MLPA, PCR-based RFLP, and PCR-based duplication analysis of two representative patients and their respective parents. A: Scheme shows MLPA probes and PCR primers. Dashed boxes indicate pseudogenes; white arrows, primers used to amplify duplicated CYP21A2 gene; black arrows, PCR-based RFLP primers; short vertical lines, Taq^αI restriction site of CYP779f/Tena32F amplified products, with numbers showing the fragment size (in kb); vertical arrows, hybridization sites of the MLPA probes. ex, exon; int, intron; UTR, untranslated region.
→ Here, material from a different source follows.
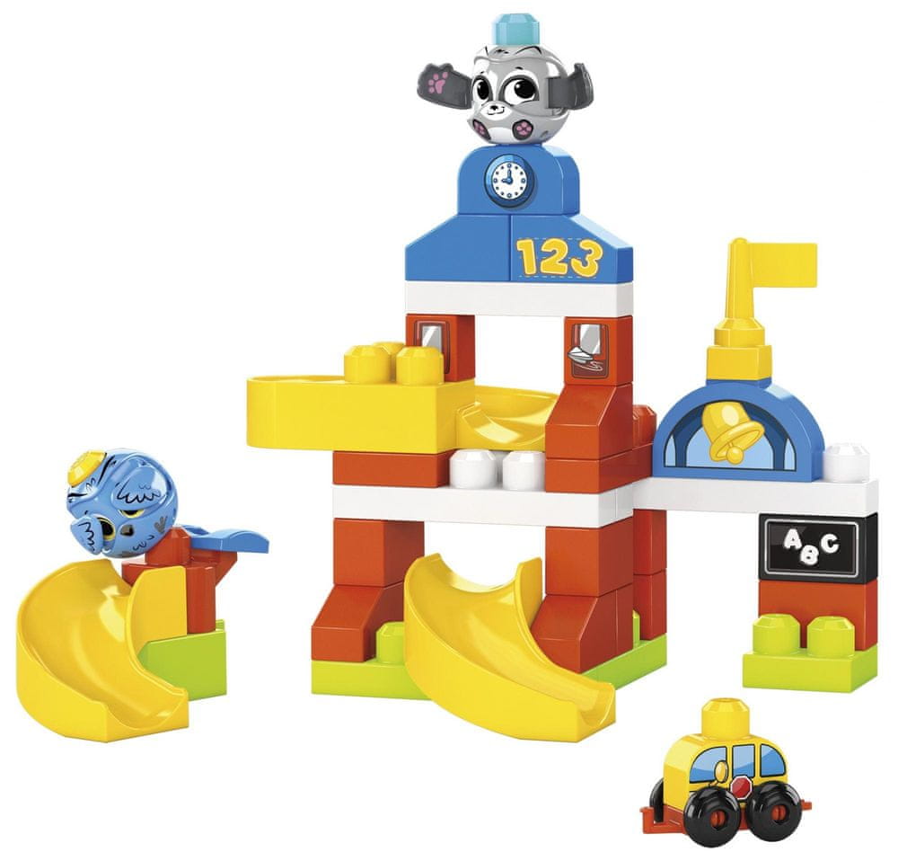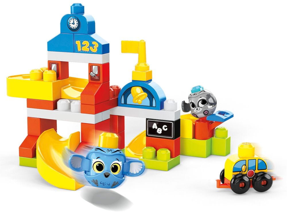 Zestaw konstrukcyjny składa się z 2 zwierzątek peep-pee, 35 solidnych dużych klocków, 1 autobusu szkolnego na kółkach, 3 zjeżdżalni i kamienia startowego.

B and C: Normalized MLPA data of families of patient 1 and patient 2 with probes on x axis. Columns correspond to normalized electropherogram peak areas calculated using Coffalyser software. Diamonds denote results of point mutations; circles denote results of chimeric genes. Ratio values (y axis) between 0.7 and 1.3 (dashed lines) indicate two copies, bottom dashed lines (one copy) and top dashed lines (two copies). 1 and 1F represent patient 1 and the father, respectively. 2, 2M, and 2F represent patient 2, the mother, and the father, respectively. D: Electropherogram of Taq^αI digested CYP779f/Tena32F amplified products. Target fragments are labeled with gene names and size. −, CYP21A2 deletion on one allele; +, no deletion; M, 1 kb DNA ladder; C1–C3, controls with two, one, and no CYP21A2 deletions, respectively. The 3.2 kb band for the CYP21A1P gene was not detected in samples 1F, 2, 2M, and 2F, which indicated no CYP21A2 deletion; sample 1 shows one 3.2 kb band for CYP21A1P gene, confirming CYP21A2 deletion. E: Electropherogram of products of duplication-specific amplification using primer 21BF1 and XA; no amplification is observed without CYP21A2 duplication. A positive 5.6 kb band for samples 1 and 1F indicates CYP21A2 duplication. The faint bands shown in samples 2, 2M, 2F, and C3 result from unspecific amplification. F: Genotyping results of patient 1 and 2. The following 21A2, 21A1P, XA, and XB stand for CYP21A2, CYP21A1P, TNXA, and TNXB, respectively. CYP21A2 genes identified with point mutations are set bold and underlined.

Figure 3

Molecular analysis strategy of the CYP21A2 gene in CAH patients. The target of this strategy is to identify mutations in deleted, duplicated, and normal CYP21A2 genes. Final genotyping result of each patient is given in the bottom row, including chimera type of CYP21A1P/CYP21A2 genes and point mutations in normal and duplicated CYP21A2 genes. Rectangles denote the methods; ovals, results from the upstream methods; diamonds, results of point mutations; circles, results of chimeric genes. The junction site of each chimeric gene was identified based on data from MLPA (dashed lines) and sequencing CYP779f/TenaF amplicon.